THE HOUSE OF THE DOCTOR



     By car, the narrow road rises in twists and turns up into the foothills of the mountains beyond, passing between low walls of venerable gray stone. The stimmung is that of an ever present sense of rusticity in harmony with the modern. This once agrarian landscape still possesses small patches of vinyard and cultivated terrain, often interspersed with a dense but harmonious mixture of traditional dwellings of weathered wood and modernistic upscale residences which succeed in blending well with the signs of the past: an ageless way of life co-existing side by side with discretely posh progress.

     We left the car in the shade overlooking a valley where a shallow stream seemed to bring some relief to the hot summer landscape. From here we set out on a leisurely stroll.

     Sandro Zendralli: "My studies were not academic since I did not go to university, I simply went to a technical college. I went to Zurich mainly in order to learn how to draw not the project but rather the actual construction: the details, arrangements, supervising the construction works and so forth to gain experience since I planned to return here to the Ticino and to open a business of my own. That had always been my dream.

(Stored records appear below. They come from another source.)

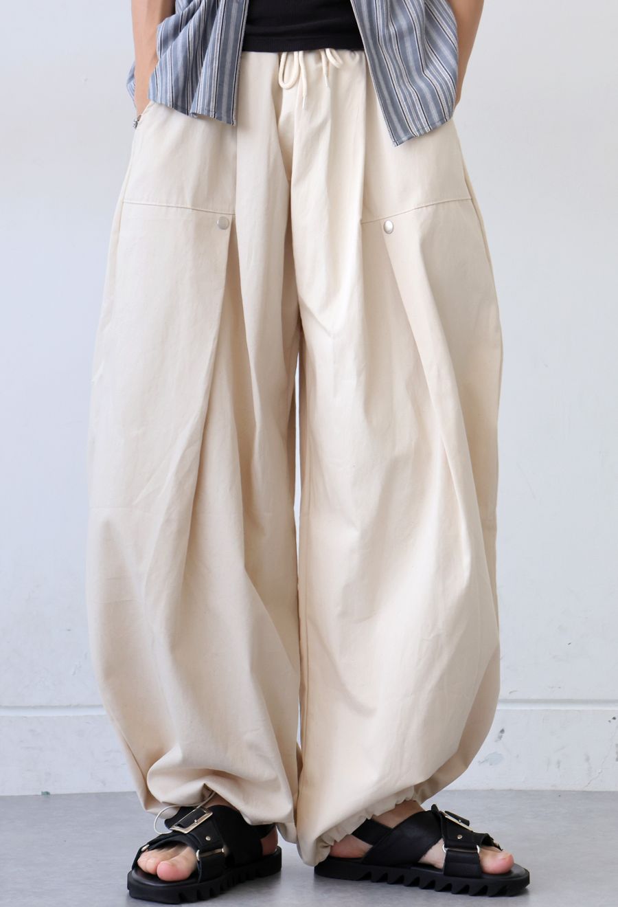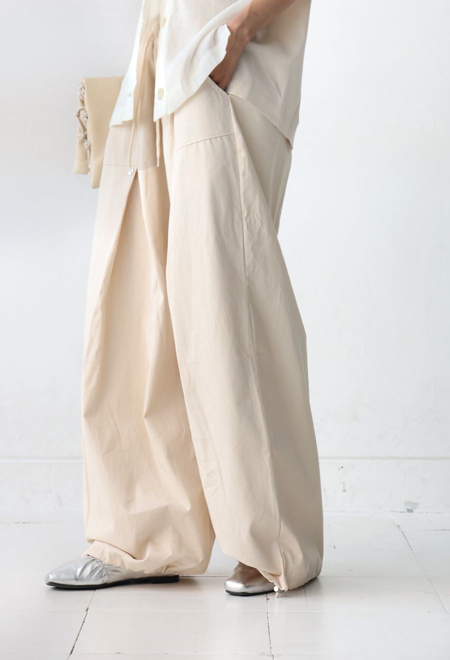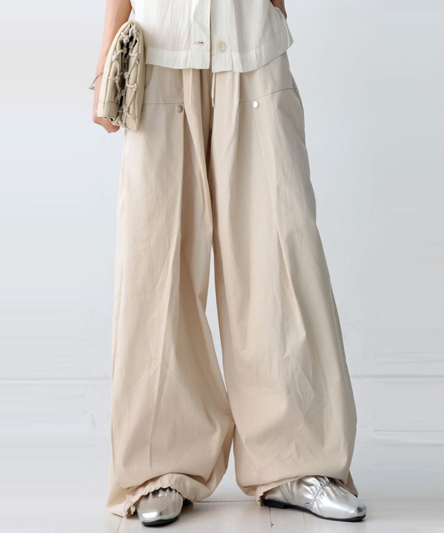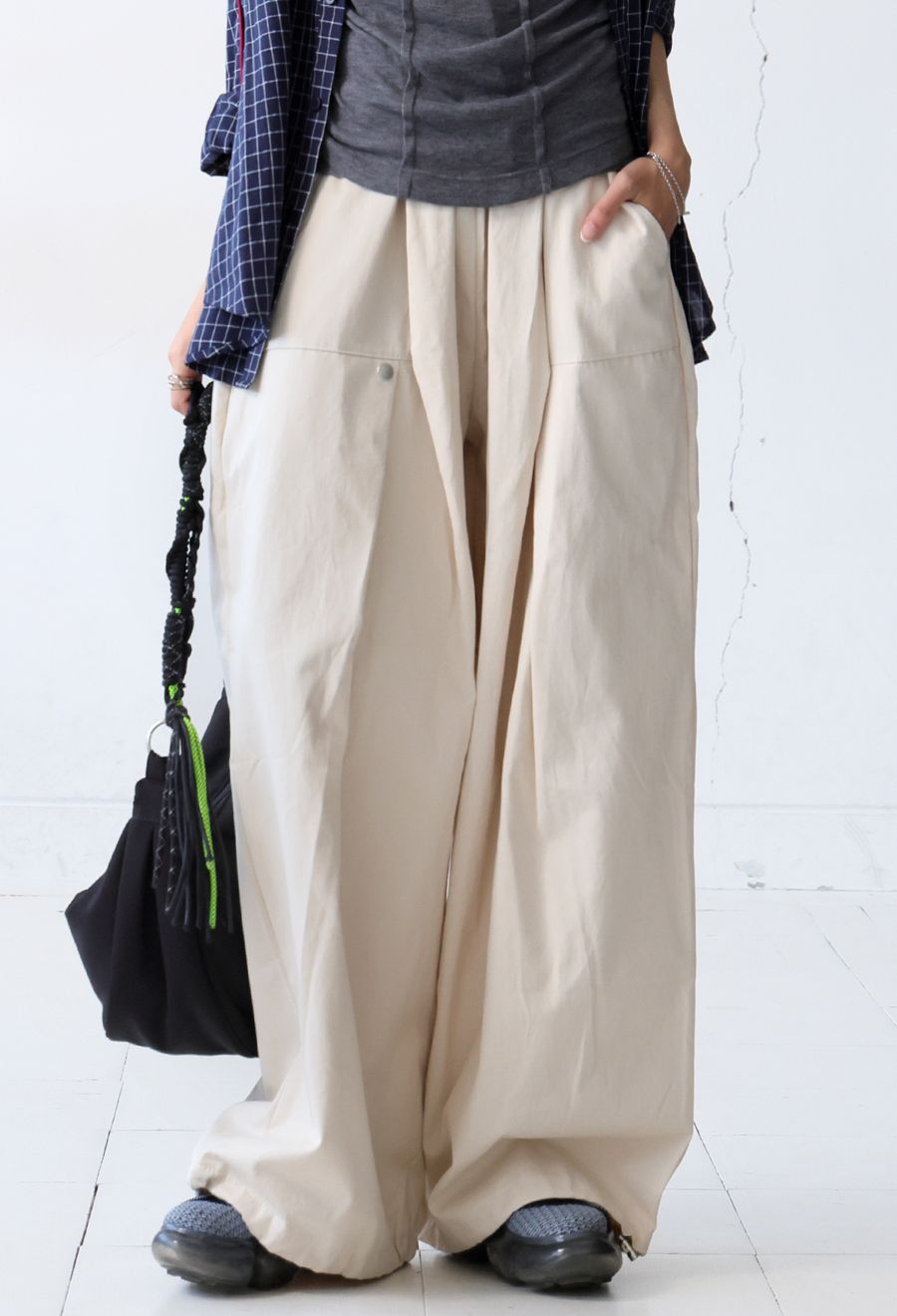 ナチュラルな表情が魅力の裾ドロストデザインタックサーカスパンツ。
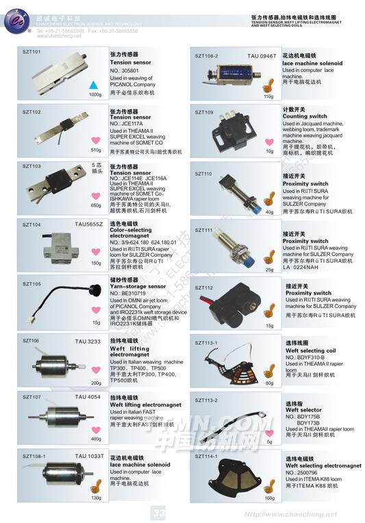 超誠電子科技有限公司在產品開發領域:成功研發出提花機電磁鐵、抬緯電磁鐵、電子多臂機電磁鐵、儲緯器電磁針、接近開關、緯紗傳感器、光電開關、光電探緯器、固態繼電器等產品,部分產品獲得了國際UL認證、CE認證等,受到了國部委的多次嘉獎。特別是本公司的高頻率提花機電磁鐵(SZT-003)、電子多臂機電磁棒(SZT-001-20)、節能型提花機組件(M5)、新型氣閥電磁鐵(TAU-2536),成為了國家商新技術產品,并通過了上海市高新技術成果轉化,得到了國家重點產品保護,本公司也被確認為全國質量、信譽雙保障示范企業,中國質量誠信委員會AAA級質量誠信會員,中國質量誠信促進會質量誠信消費者(用戶)信得過單位。
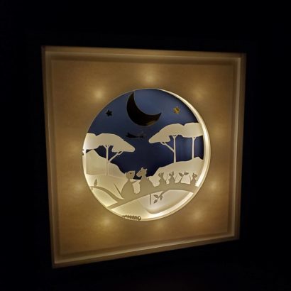 | Matériaux | Cadre bois, Eclairage Led à piles (fournies), Papier épais haute qualité, Plexiglas, Stickers dorés |
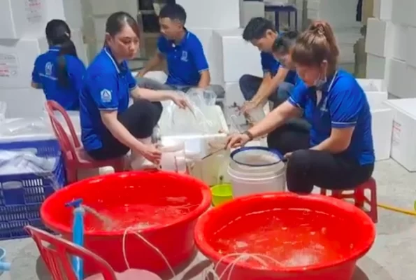 Công nhân chuẩn bị tôm giống để xuất khẩu sang Đài Loan
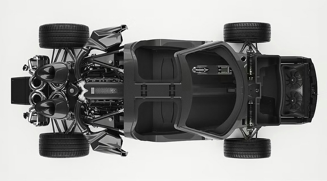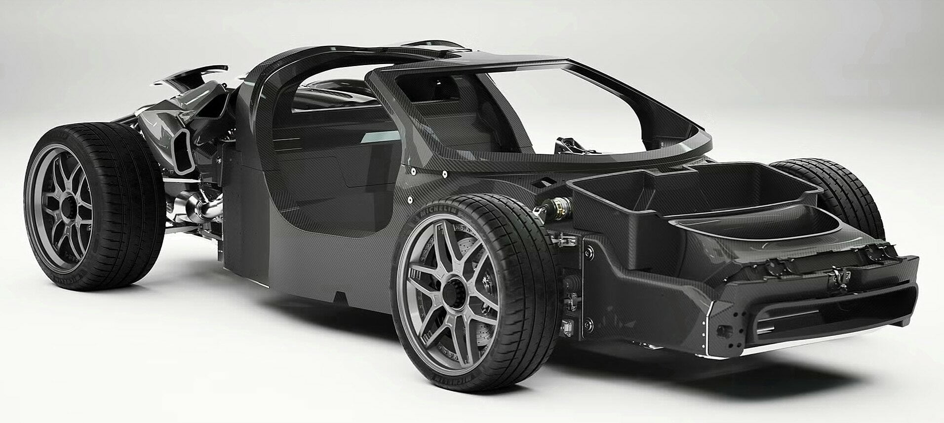 La première voiture à moteur central entièrement sur mesure de Zagato, conçue sous la direction du designer en chef Norihiko Harada, s’auto-présente comme “simplement époustouflante car représentant la plus belle réalisation de la marque depuis sa création”… Diantre ! Quelle pompe ! Mais ce qui se cache sous cette carrosserie en fibre de carbone est présenté comme étant encore plus impressionnant. C’est un châssis en fibre de carbone de type LMP conçu pour spécifiquement pour la Capricorn 01 Zagato.. Et, ce n’est pas seulement la monocoque centrale qui est fabriquée dans ce matériau ultraléger et ultra-rigide !
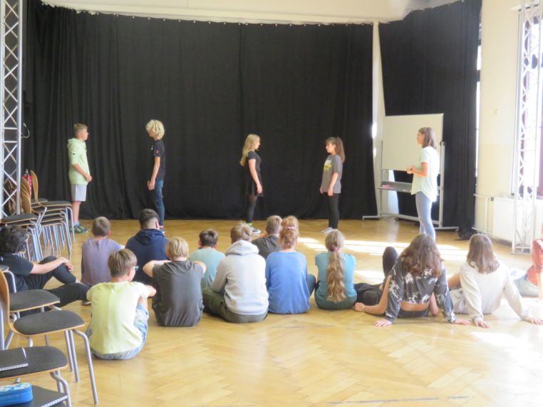 13.09.2022 - Der Start ins Theaterprojekt konnte in diesem Schuljahr wieder geregelt für die beiden 8. Klassen erfolgen. Beim Ausprobieren und theaterpraktischen Aufwärmen wurde bisher schon viel gezeigt, gespielt und gelacht…

     "There was no one among my school companions to open a private studio of architecture. I was the only one starting out with few small things, even refusing bigger projects because I wanted to grow slowly. Coming back from Zurich there was a doctor who asked me to build his private home and medical practice. It was my first commission after my studies. I was twenty three and a half years old. I had no clue where to start, but I made it...

     "Today the practice is subdivided into several smaller ones. Next to the house was a traditional little stone hut and in order to combine the old with the new I built several intertwining walls... I still remember the wooden model I had done with tiny trees out of material I collected from the forest. They almost looked like real trees..."

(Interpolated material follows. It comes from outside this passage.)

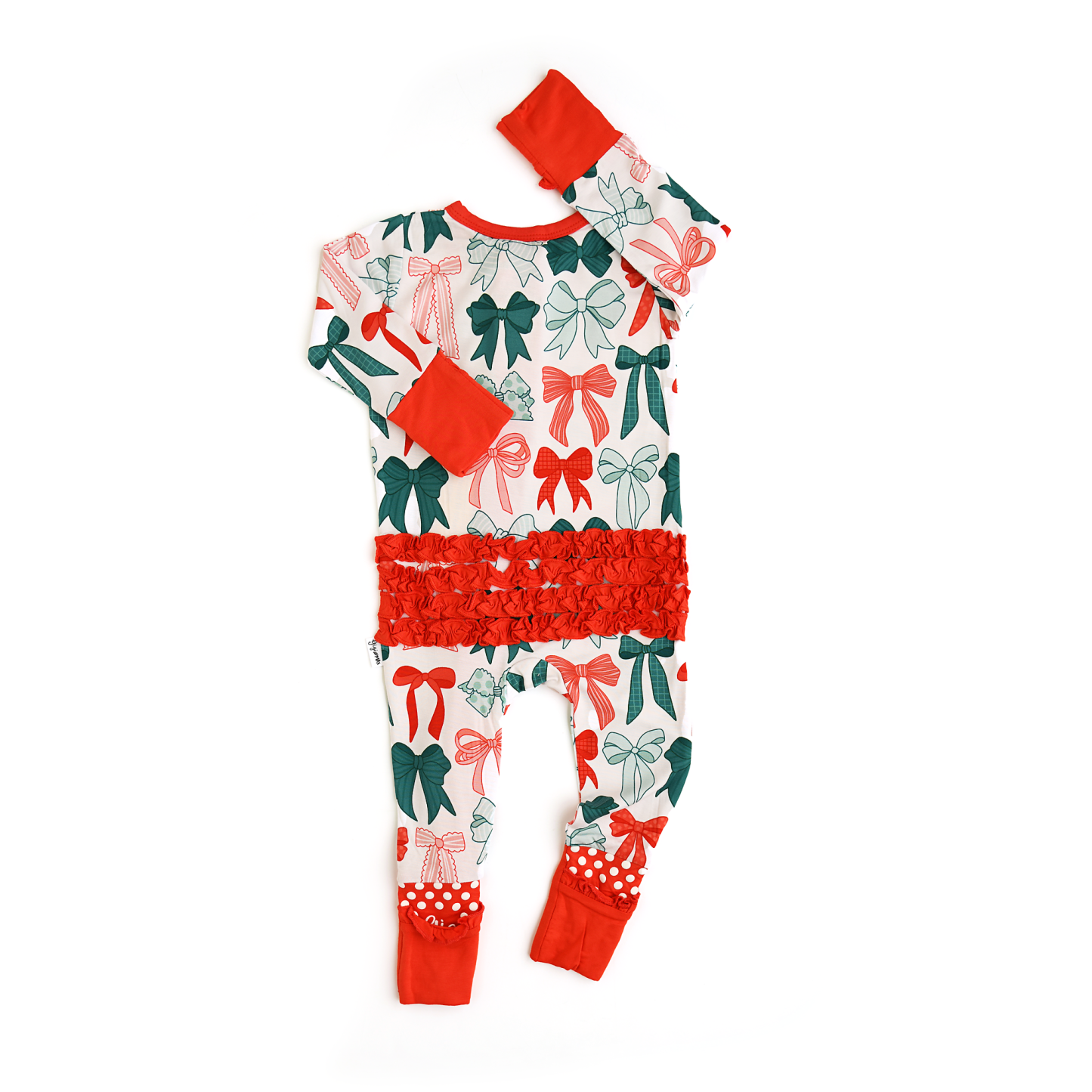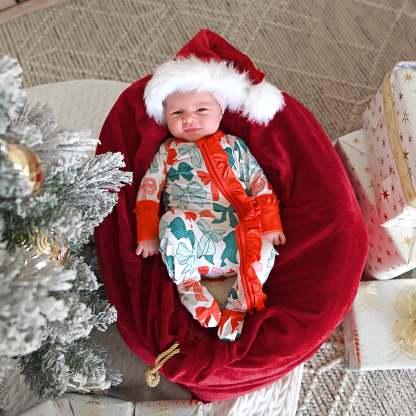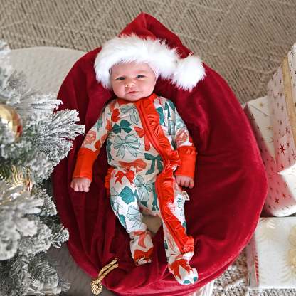 Mitten cuff on arm keeps baby from scratching, if needed. Fold-over foot at ankle can be used on chilly days when you forgot the socks! Please note: newborn size is footed.

       We had come to see the doctor's house, which was the first major architectural project of Sandro Zendralli. During the interceding years the real trees on the grounds circling the house had grown considerably in stature.

     It is a strange experience to accompany an architect in order to view a structure which he had created so many years before and which, since then, had been the scene of lives lived day by day, year after year, by those who were the proprietors and yet who now seemed strangely to be playing a role in the theater which the architect had first imagined and then brought into concrete form.

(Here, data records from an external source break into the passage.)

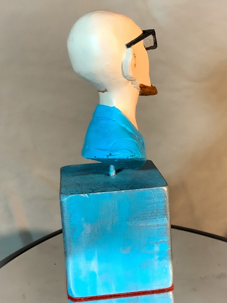 This minibust was sculpted with Sculpey Firm, Apoxie, and Cosclay, and is about 7″ tall.
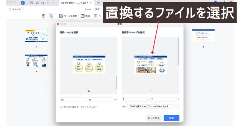 置換とは、PDF内の特定のページを別のページに差し替える(置き換える)機能のことです。
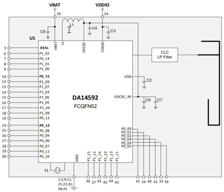 DA14592 是一款多核无线微控制器,将最新的 Arm® Cortex-M33®™ 应用处理器与浮点单元、高级电源管理功能、加密安全引擎、模拟和数字外设以及软件可配置的协议引擎与符合蓝牙 5.2 低功耗标准的无线电相结合。 它包括 256kB 的嵌入式闪存和 96kB 的 RAM。
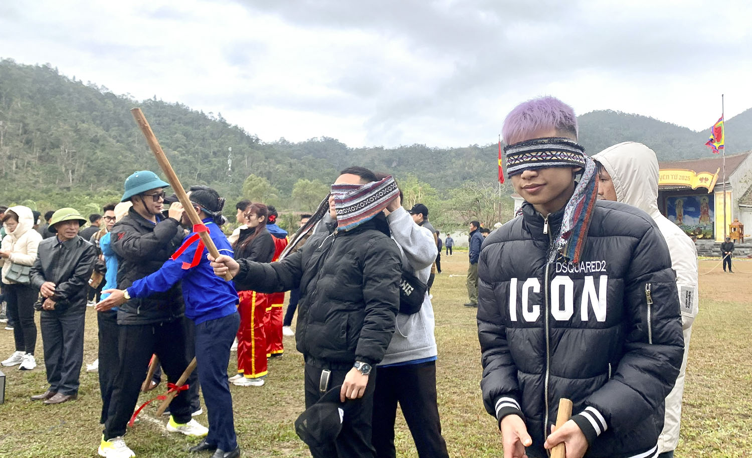 Đập niêu là trò chơi thú vị, nơi người tham gia phải bịt mắt, đập những chiếc niêu đất, tạo không khí sôi nổi hào hứng trong không gian lễ hội.
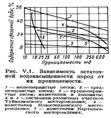 Приведенные кривые не универсальны. Для пород с иной структурой пор и содержащих другие количества глинистого материала зависимость остаточной водонасыщенности от проницаемости может количественно отличаться от приведенных. Однако характер зависимости в большинстве случаев тот же – с увеличением проницаемости количество остаточной воды в породе уменьшается.
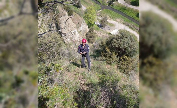 Manisa’nın Salihli ilçesinde uçurumda mahsur kalan keçi, itfaiye ekiplerinin çalışmasıyla kurtarıldı.
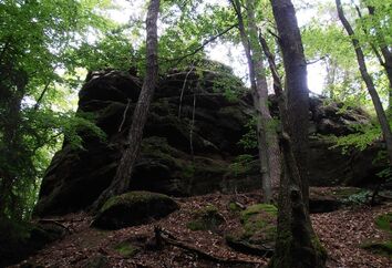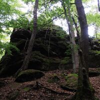 Der Ambossfelsen lieght am Premiumwanderweg Felsenwald. Nach jahrhundertelanger Errosion des Sandsteins hat der Fels die Form eines Ambosses angenommen.
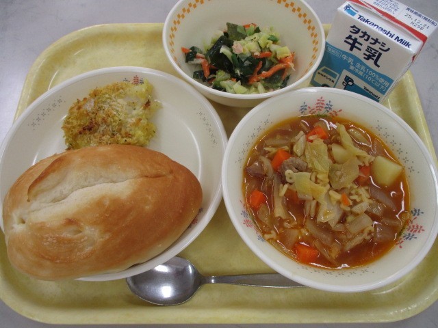 ソフトフランスパン 白身魚のパン粉焼き ツナレモンサラダ ミネストローネ ぎゅうにゅう
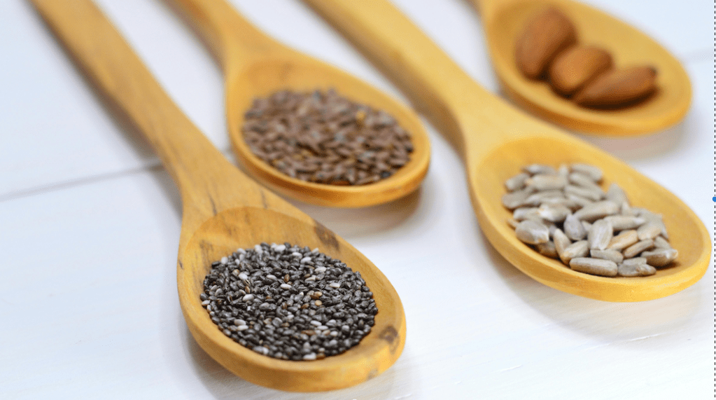 Follicular phase (weeks 1/2): Eat 2TBS of ground pumpkin seeds and flaxseeds to improve the regulation of oestrogen and progesterone production and enable removal of excess oestrogen. Flaxseeds contain lignans which bind to excess oestrogen for removal via the liver. Pumpkin seeds contain zinc which help to promote progesterone production in preparation for the luteal phase (weeks 3/4).
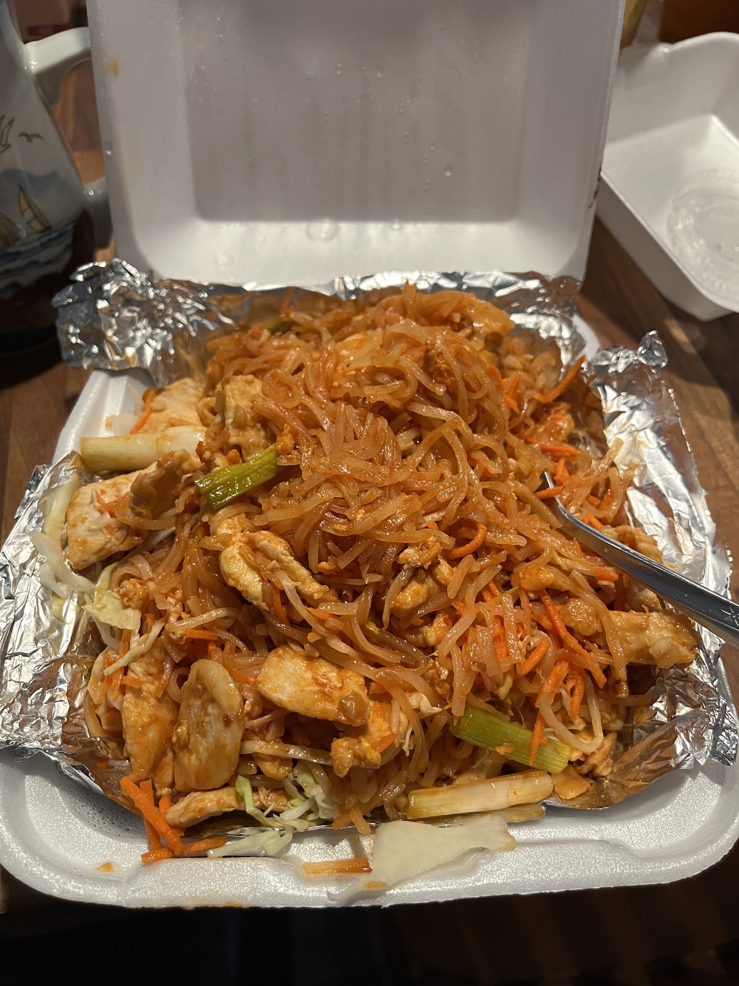 The first time I ordered, the system said 20 minutes. I added another item and the wait changed to 45 minutes, no problem. I arrived right on time, but it was clear the food had been sitting out. My nephewâs pad thai was lukewarm and stuck together in one big lump. The coconut shrimp was also lukewarm but still tasted fine. I had paid $4 extra for added veggies in two meals, but neither dish had what looked like even a regular portion, let alone extra. I figured they just forgot. I chalked it up to âstuff happensâ - disappointed of how expensive it was, but not enough to call or complain.

     We also, for our part, had a feeling of intruders into somewhere we had no real business being. We had not come to visit the doctor or his wife, we had come instead simply to look at the house from the outside. I could almost imagine the lady of the house herself, if she had happened to look out the window at that very moment, turning with a puzzled look on her face toward her husband and saying, "there is a group of strange people outside, who seem to be looking up at our house..."

     For an architect of a mere twenty three years of age, it was a remarkable achievement, and one was struck immediately that it carried its years with grace. In other words, it stood up. It had successfully survived thus far the test of time, which in itself is already high praise for the work of any architect. What is more, the house seemed to give the feeling that the years which its inhabitants had spent there had been happy ones.

     The house, with all its modern dignity in keeping with the stature of a prominent physician, had entered comfortably into that timeless sphere of the unausweichlichkeit where, like a well cut suit of clothes, it passes almost unperceived.

     One's first impression was more of a sculptural than architectural nature. The early work of Laurens, Archipenko or Lipchitz came to mind, although the placement of the upper floors on overlapping levels in white stucco, with horizontal windows, lent the house that air of accumulative volumetries often seen in the early residential buildings of the young Le Corbusier, such as the Villa Schwob at Neuchâtel, which he designed at age thirty one.

      To take in all available views of the house, we went back down the hill a few paces to where a narrow lane of stone walls arrived just above eye-level. One of our company raised himself on tip toe and was heard to say, "Buon giorno..." Soon others of our tiny band were peering over the rim of the wall. A young studentess wearing black-rimmed reading glasses and a remarkably bright blue bikini was seated at the extremity of a diving board suspended over the equally bright blue waters of a swimming pool.

     One could make out the title on the cover of her book: Kierkegaard. The young lady in question did not seem particularly pleased by our unexpected, and unexplained arrival. Especially when in his enthusiasm, Sandro Zendralli began taking photographs. Little could the aspirant to existentialist philosophy have known that the subject of the architect's snapshots was not her blue bikini but rather the structure in the background, of which she had no way of knowing that he was the author.  

     We continued on our stroll without saying farewell to the bathing-beauty scholar and soon had arrived once more beside the valley where our promenade had begun. Now we descended closer to the banks of the stream and made our way toward a country inn which we could see in the distance. Coming closer, we could see the name above the door:

Osteria Zendralli

     The little mystery was soon resolved as we learned that the patronne was none other than the paternal aunt of our host. Settled at a table beneath the vines on the terrace and serenaded not only by the babbling brook but also by the insistent inquisitiveness of sparrows, we proceeded to enjoy a memorable luncheon.

      "One day, many years after I had completed construction of the doctor's house, I came by to have a look at it. At that moment his wife happened to come out and recognized me. She said: We are very happy and still enjoy so much living and working in this house."

     What could bring more satisfaction to an architect than to hear these words?